Strong quarterly numbers
During the quarter, the company reported 40 per cent growth in net profit to Rs 228.4 crore on the back of a 33.5 per cent growth in revenue at Rs 451 crore. This was possible on the back of volumes that grew a strong 26.2 per cent to 12.41 million tonnes coupled with the improvement in per-tonne realisations. Higher overall volumes were due to growth in coal and container volumes, which grew 44-45 per cent on a y-o-y basis. Analysts believe the company was helped by a favourable cargo mix compared with the corresponding quarter last year with cargo realisations growing by 8.2 per cent to Rs 331 a tonne. Reported revenues from the SEZ business at Rs 8 crore were below estimates.
| IN LINE WITH EXPECTATIONS | ||
| In Rs crore | Q3FY11 | % chg |
| Sales | 451.0 | 33.5 |
| Operating exp. | 109.0 | 55.0 |
| Ebitda | 309.7 | 34.3 |
| Ebitda (%) | 68.7 | 40 bps |
Good times ahead
The company is well placed to take the advantage of India’s growing foreign trade given that its ports have a location advantage and superior logistics.

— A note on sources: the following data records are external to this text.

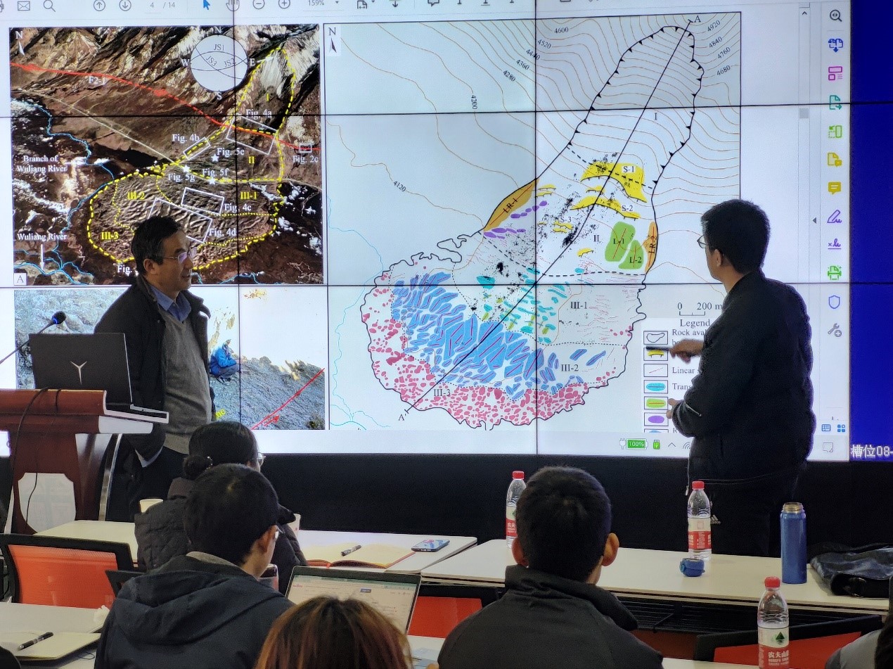 随后,孟宪南教授同参会人员就自然界和室内水槽实验中均被观测到的“Roll wave”现象及其形成机制、数学-力学模型推演等方面展开了热烈探讨,并结合高速远程滑坡典型堆积地貌中展现的横向脊、纵向脊、边缘堤、侧向脊、雁列形裂隙状脊以及沟脊相间的X型(鱼鳞状)堆积等流态化特征,从跨越领域和学科的视角分析讨论了上述地球科学领域典型现象及前沿科学问题的研究思路,为高速远程滑坡动力学机理相关研究提供了启发性思想。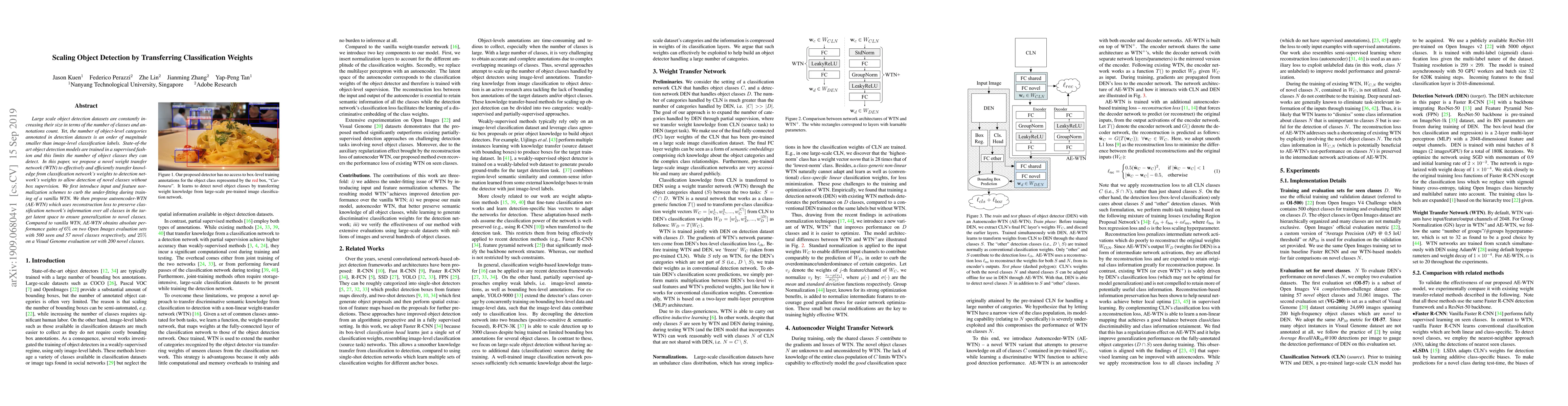 This paper introduces a Weight Transfer Network (WTN) to efficiently transfer knowledge from classification models to object detection models, enabling detection of novel classes without box supervision. An improved version, AE-WTN, uses reconstruction loss to preserve classification network information, achieving performance gains of 6% and 25% on specific datasets. Code is available at <https://github.com/xternalz/AE-WTN>.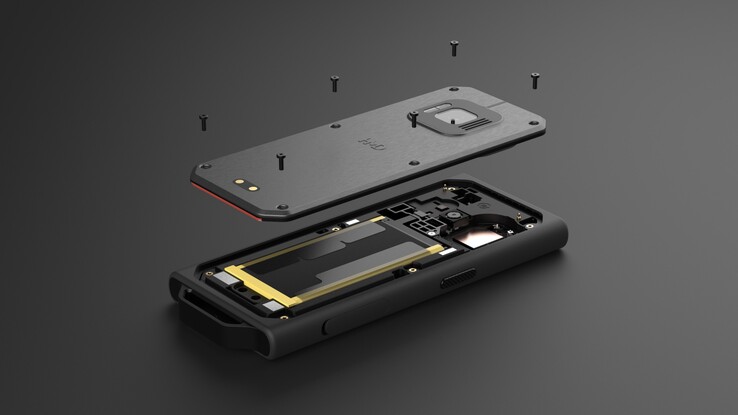 Der 2.510 mAh Akku soll eine Standby-Laufzeit von bis zu zehn Tagen ermöglichen. Eine volle Ladung über USB-C dauert drei Stunden. Alternativ stehen zum Aufladen auch Pogo-Pins auf der Rückseite zur Verfügung, wodurch das Handy einfach in die separat erhältliche Ladestation gesteckt werden kann. Links und rechts am Gehäuse findet sich jeweils ein programmierbarer Button. Standardmäßig wird ein Button für Notrufe und einer für eine Push-to-Talk-Funktion verwendet, wodurch das HMD Terra M wie ein Funkgerät benutzt werden kann.

This has worked in its favour -- given the lack of port capacity in India -- and helped the company improve its market share in India’s total port traffic from 2 per cent in FY2004-05 to 5 per cent now. The company is expected to become India’s largest cargo handler over the next five years with a market share of about 10 per cent.
A new pipeline
The new capacity will enable the company to meet the import requirements of coal for Adani Power and Tata Power. The two companies are setting up ultra mega power projects with a combined capacity of 8,620 Mw requiring over 30 million tonnes of coal annually. Initially it is expected 10 million tonnes of coal will be imported in FY2011-12, which will be ramped up further in FY2012-2013.
With the present set-up, it is expected the company will do volumes of 50 million tonnes in FY2010-11. However, with the new capacity there will be large additions and a major impact will be seen in the financial year ending March 2012 and March 2013. Besides, with the commissioning of the Bhatinda Refinery and expansion of IOC’s Panipat refinery, the volumes in the crude oil segment are expected to move up. Taking these factors into account, the revenues could grow about 38-40 per cent annually in the next two years and lead to a similar growth in earnings.